If clinically validated, these movement patterns, i.e., digital biomarkers, have the potential to provide more accurate and objective measurements of disease symptoms. In addition, unlike molecular biomarker data that are collected only when a patient visits a doctor’s office, digital biomarker data can be collected remotely from patients on a continuing bases. This provides a longitudinal view of the patient disease journey that is invaluable in understanding disease progression and drug response, and providing the best care for the patients.
Imaging biomarkers have been in use in translational research for some time. For example, the widely used RECIST (Response Evaluation Criteria In Solid Tumors) criteria to assess objective responses in cancer therapies are derived from CT or MRI images.

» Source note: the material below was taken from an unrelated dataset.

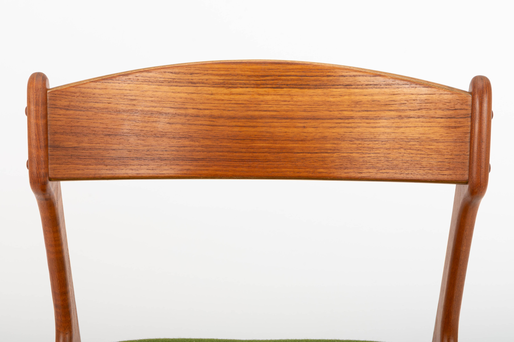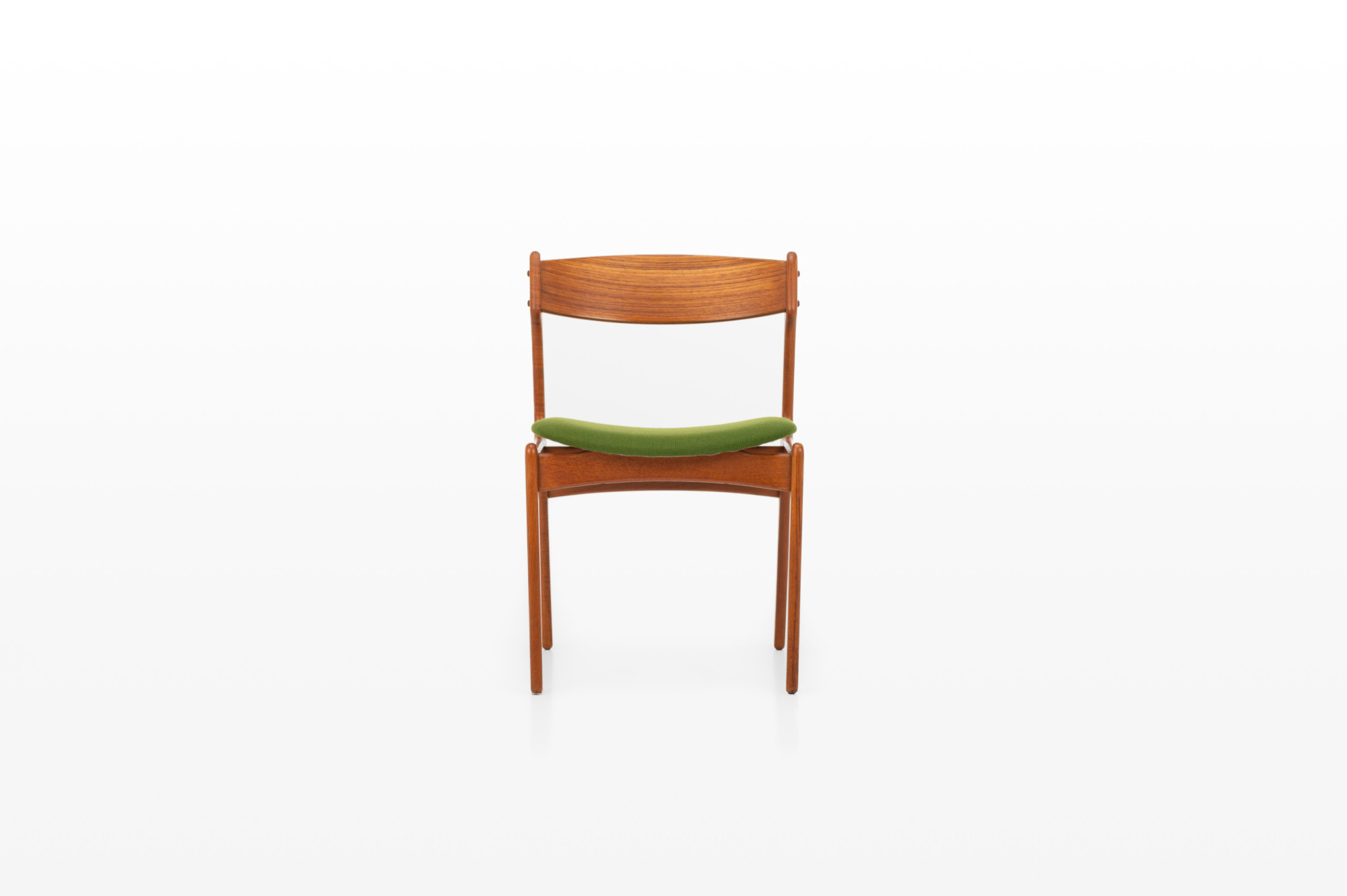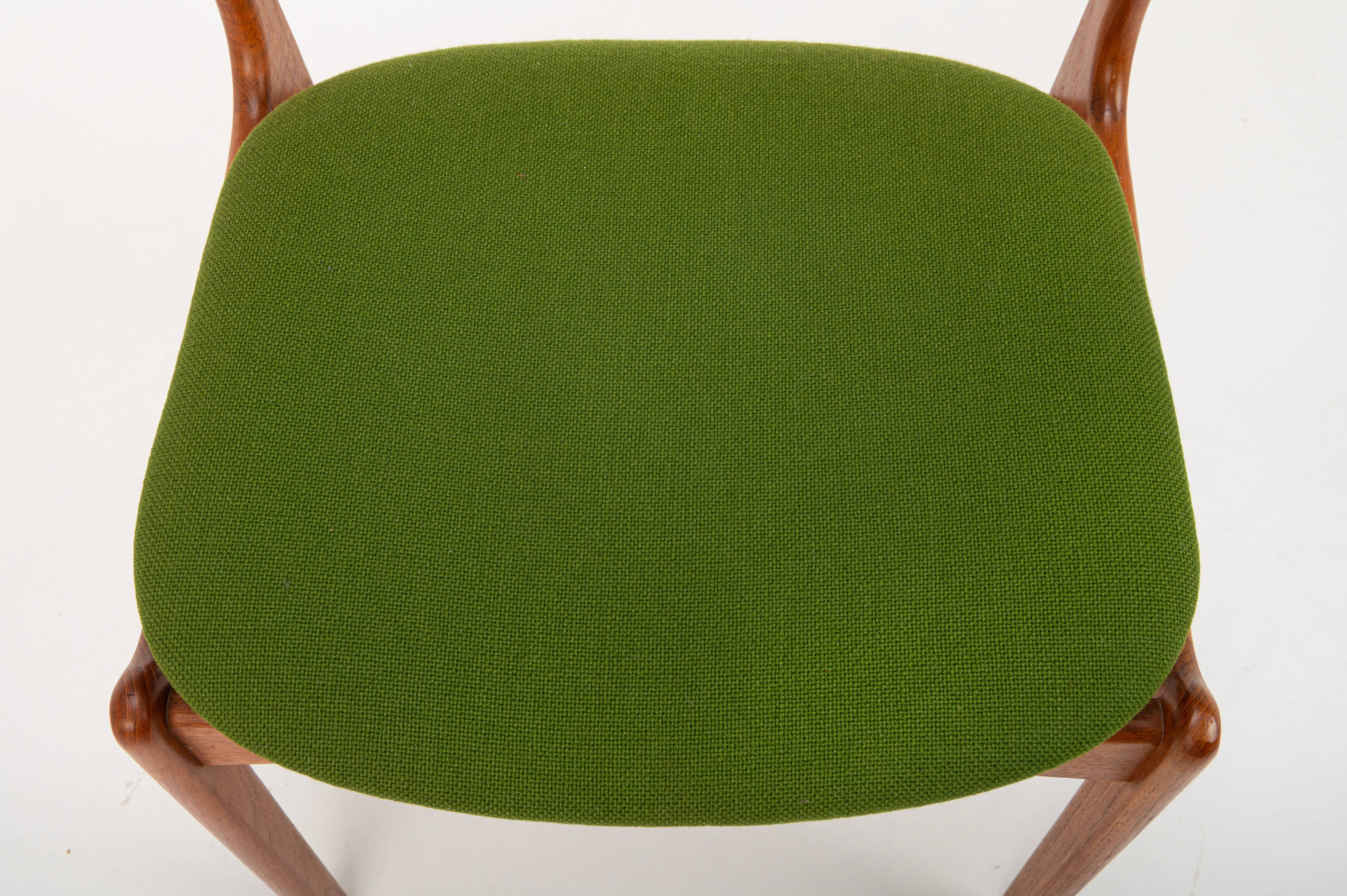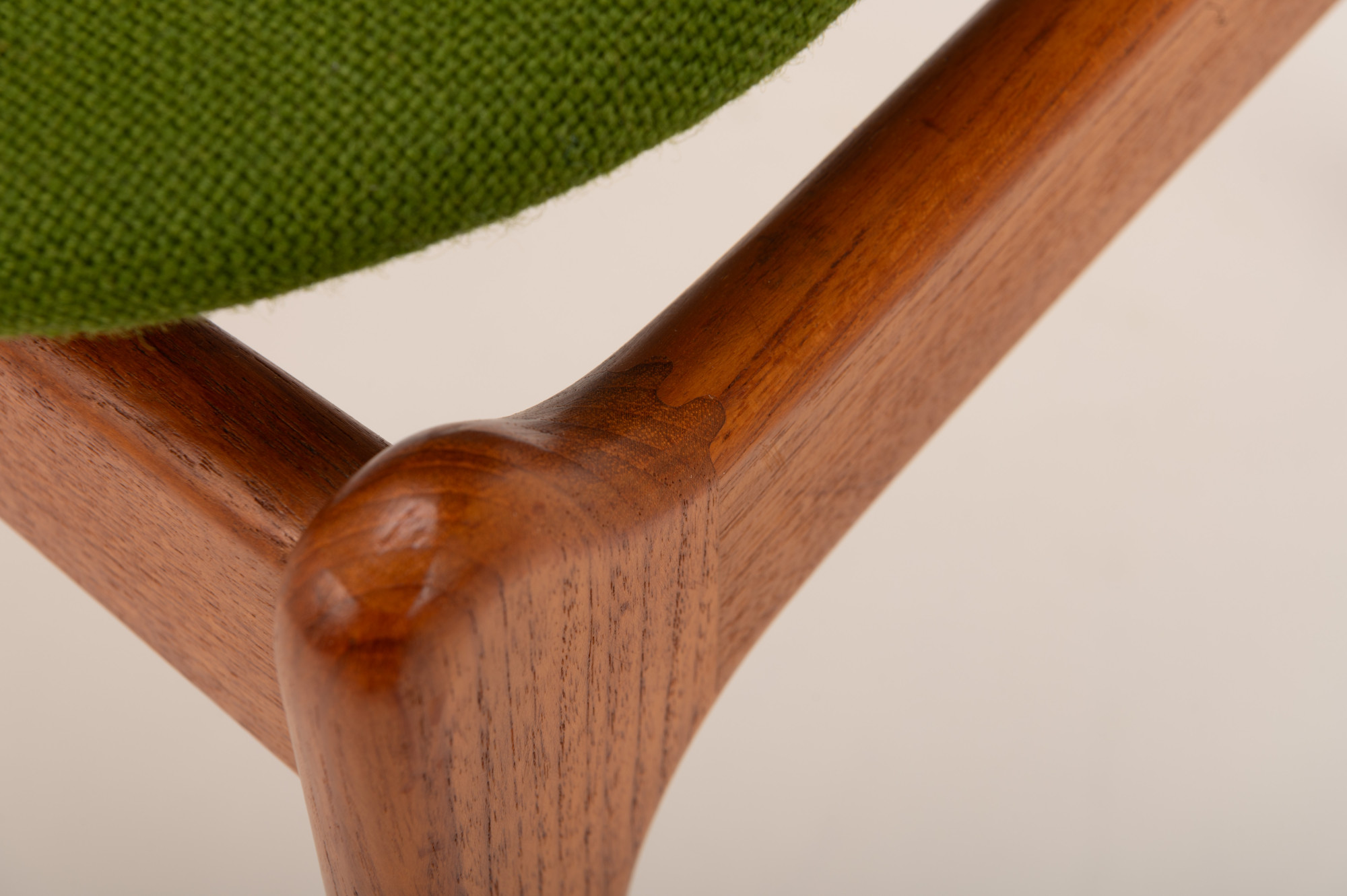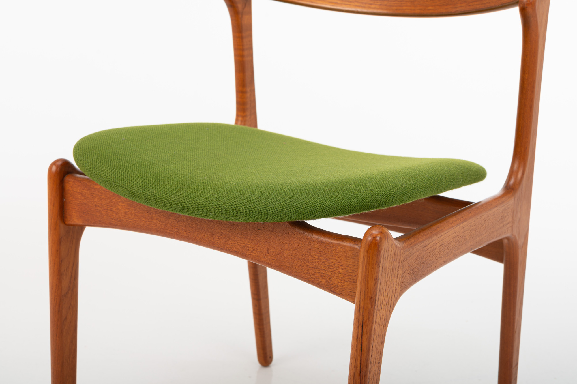 These chairs have a teak frame and their original grass-green upholstery, beautifully preserved. The combination of warm teak and vibrant fabric captures the essence of mid-century Scandinavian craftsmanship and style. Marked by the producer.

Rapid advances in AI, especially in convolutional neural networks (CNN), are quickly changing radiology and pathology image analysis. For example, a CNN trained with a large number of clinical images of skin cancers at Stanford was able to distinguish malignant from benign lesions, with a performance on par with board-certified dermatologists. A NYU study also showed that a CNN trained on whole-slide histology images obtained from The Cancer Genome Atlas (TCGA) could not only classify them into different subtypes of lung cancer, but also predict the commonly mutated genes in lung cancer with accuracies comparable to that of pathologists.
New image biomarkers, in the forms of algorithmic predictive CNN or other machine learning models, will likely gain acceptance in the near future and represent a new category of clinical endpoints in clinical trial design.
Challenges and Future Outlook
Amid the overly optimistic outlook of AI, it’s important to be aware of the various challenges. The most fundamental challenge, I believe, is still the lack of data. It is paradoxical that while we may be drowning in waves of big data, useful data—properly labeled and high quality data—can still be a rare commodity.
Take genomic data for example. While the number of measurements per sample is huge in a whole genome sequencing experiment (over 20,000 genes or 3 billion base pairs), the number of samples in a typical study is rather small, in the range between a single digit and a few hundred. The labels (e.g., response vs resistance) are not always clear cut, and often unbalanced in numbers, making it difficult for machine to learn the patterns. On top of that, raw genomic sequences alone may or may not be the right features to predict drug response.
Therefore to fully realize the power of AI, it is important for both pharma and academia to invest in research at the intersection of AI and biomedicine. It is also imperative to systematically generate high quality, properly labeled data. Pharma needs to treat data not only as the supporting evidences on the road to drug approval, but as valuable assets in its own rights, and implement strategies to systematically collect properly labeled data guided by a vision of an AI-powered drug discovery and development process.
The good news is that the industry is already moving in this direction. As with any new technology, there may be multiple hype cycles ahead. We will likely see both quick wins in some areas and incremental improvements in others. But a data-driven, AI-powered drug discovery and development approach will bear fruit and eventually benefit many patients.